Theoretical and Applied Mechanics Group (TAMG)
Research in the TAMG focuses on using experimental, analytical and computational tools to understand deformation and failure of materials, components and structures in a broad range of time and length scales. To accomplish this goal, TAMG develops procedures that include mechanical behavior characterization coupled with non-destructive testing and modern computational tools. This information is used both for understanding the role of important material scales in the observed bulk behavior and for the formulation of constitutive laws that can model the response including damage initiation and progression according to prescribed loading conditions. Equipment and facilities used by TAMG include a range of mechanical testing equipment for testing in tension, compression, fatigue and fracture as well as: a) two multichannel Acoustic Emission systems, b) a 5 Megapixel Digital Image Correlation system, c) a FLIR infrared thermography camera, and d) a 64-core High Performance Computational Cluster. TAMG has further developed procedures to use several pieces of equipment and facilities at Drexel University including the Machine Shop, Centralized Research Facilities and the University Research Computing Faci
Thermal Systems Laboratory
The thermal systems laboratory is outfitted with an array of instrumentation and equipment for conducting single- and multiphase heat transfer experiments in controlled environments. Facilities include computer-controlled data acquisition (LabVIEW ) systems, a Newport holographic interferometric system with associated lasers and optics, image enlargers, power amplifiers, precision voltmeters, slip-ring assemblies, and workstation for large-scale computing and simulation. A draft-free room is available with independent temperature control for carrying out natural convection experiments. An experimental test-rig is available for studying heat transfer from rotating surfaces. A bubble column has been recently built to study multiphase flow and heat transfer problems. Facilities are also available for measuring thermal conductivities of thin films using a thermal comparator.
Vascular Kinetics Laboratory (VKL)
The VKL uses engineering methods to understand how biomechanics and biochemistry interact in cardiovascular disease.

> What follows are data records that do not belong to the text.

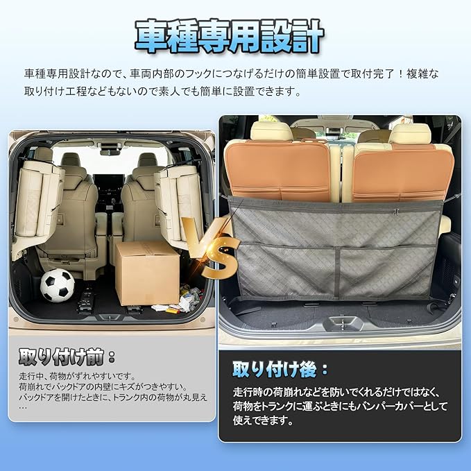 【適合車種】アルファード/ヴェルファイア40系、2023年(令和5年)6月~、アルファード/ヴェルファイア30系、2015年(平成27年)1月~。カラー:ブラック。素材:PVCレザー、オックスフォードクロス。※ラゲッジの左右にフックがない場合には適合できません。ご購入の前に、まずフックの有無をご確認ください。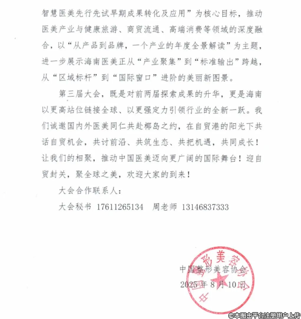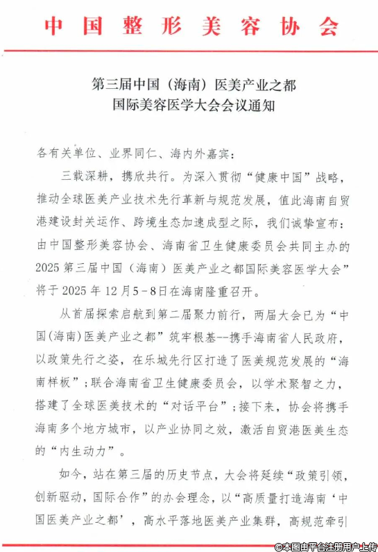 本次大會由中國整形美容協(xié)會、海南省衛(wèi)生健康委員會共同主辦。本次大會以“共享封關(guān)紅利,共創(chuàng)醫(yī)美未來”為主題,設(shè)立30多場論壇,旨在全方位探討海南封關(guān)紅利為醫(yī)美產(chǎn)業(yè)帶來的巨大時代機遇。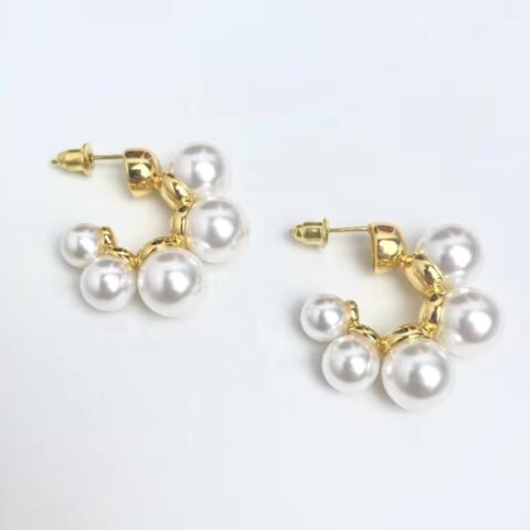 Gold Toned Pearl Studded Hoop Earrings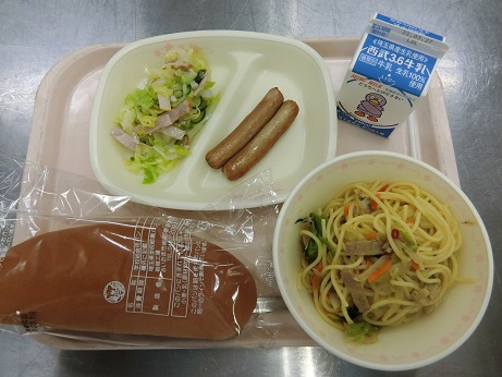 黒パン・春キャベツとあさりのスパゲティ・焼きウインナー・ハムのマリネ・牛乳

In particular, we study fluid flow and blood vessel stiffness impact cellular response to glucose, growth factors, and inflammation to lead to atherosclerosis and metabolic syndrome. We then apply these discoveries to novel biomaterials and therapies, with a particular focus on treating cardiovascular disease in under-served populations. This research is at the interface of engineering and medicine, with close collaborations with biologists and physicians and a strong emphasis on clinical applications.